Foes of the Department of Labor's fiduciary rule told members of Congress on Thursday that it was imperative that Labor further delay its fiduciary rule beyond June 9.
DOL's "flawed fiduciary regulation is scheduled to become applicable" on June 9, Brad Campbell, former head of Labor's Employee Benefits Security Administration, told members of the House Subcommittee on Health, Employment, Labor and Pensions.
"Though well-intentioned, this rule is, in my opinion, the poster child for inefficient regulation that will hurt the very people it's intended to help. The problem is not in the concept of ensuring quality retirement advice and assistance, it's in the execution of the rule itself," said Campbell, now an attorney with Drinker, Biddle & Reath's Washington office.
Campbell told the lawmakers that the rule's harmful effects are coming into view, as advisors are reporting "increasing minimum asset requirements for advisory accounts, a shift from commission-based accounts to more expensive fee-based accounts, reduced access to products, increased litigation costs and increased liability insurance costs."
Labor's fiduciary rule, Campbell argued, "creates massive new class-action liability risks resulting in enforcement by litigation, which is perhaps the most inefficient means possible as it siphons money out of the retirement system and into lawyers' pockets."
Changes wrought by the rule "are resulting in not just one-time traditional costs, but in ongoing costs and risks that will be borne ultimately by those retirement investors."

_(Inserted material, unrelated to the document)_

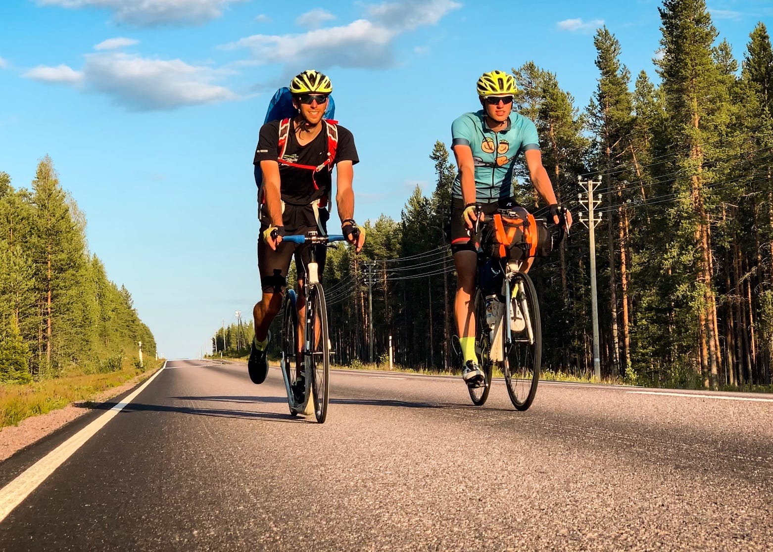 We also have a funny story from this part of the trip. In the evening, we were supposed to pass by a campsite, so we agreed that if the price for a tent was reasonably low, we would spend one night at the campsite. We drove into the campsite with the intention of first checking out the situation, when suddenly an old man came up to us from one of the caravans. The campsite manager, we thought. After a while, it turned out that the old man was not the campsite manager and that he only spoke Finnish. Moreover, he was very talkative and didn’t care at all that we didn’t understand him. So we just smiled and nodded. At one point, we somehow understood that he was probably asking us where we were from and where we were going, so we showed him on the map of Europe on our jerseys that we were going to the northernmost point of Europe. We hadn’t understood a single word he said the whole time, but then he suddenly said in a solemn, mysterious voice: “Nooorrrrrdkapp.” Well, we didn’t end up sleeping at the campsite because the price for a tent was quite high, but then we thought that maybe he was some kind of shaman and that his “Nooorrrrrdkapp” ensured that we would indeed reach the north of Europe.

Based on "the evidence we've seen so far" as firms have implemented compliance changes over the past year, Campbell said, "it's imperative that the Department of Labor further delay the fiduciary rule's applicability date until it's completed its review of this new information."
The hearing comes on the heels of news that Labor Secretary R. Alexander Acosta has made halting the fiduciary rule's June 9 compliance date a top priority. Reports have said Acosta is looking for a way to freeze the rule that will "stick."
Members of the House Committee on Education and the Workforce sent a letter to Acosta on April 17 asking him to further delay of the Obama administration's "flawed" fiduciary rule.
James Kais, senior vice president for Transamerica, who testified along with Campbell said that the "fiduciary rule restricts small employer access to advice needed in establishing and maintaining [retirement] plans, as well as increases the cost of these plans."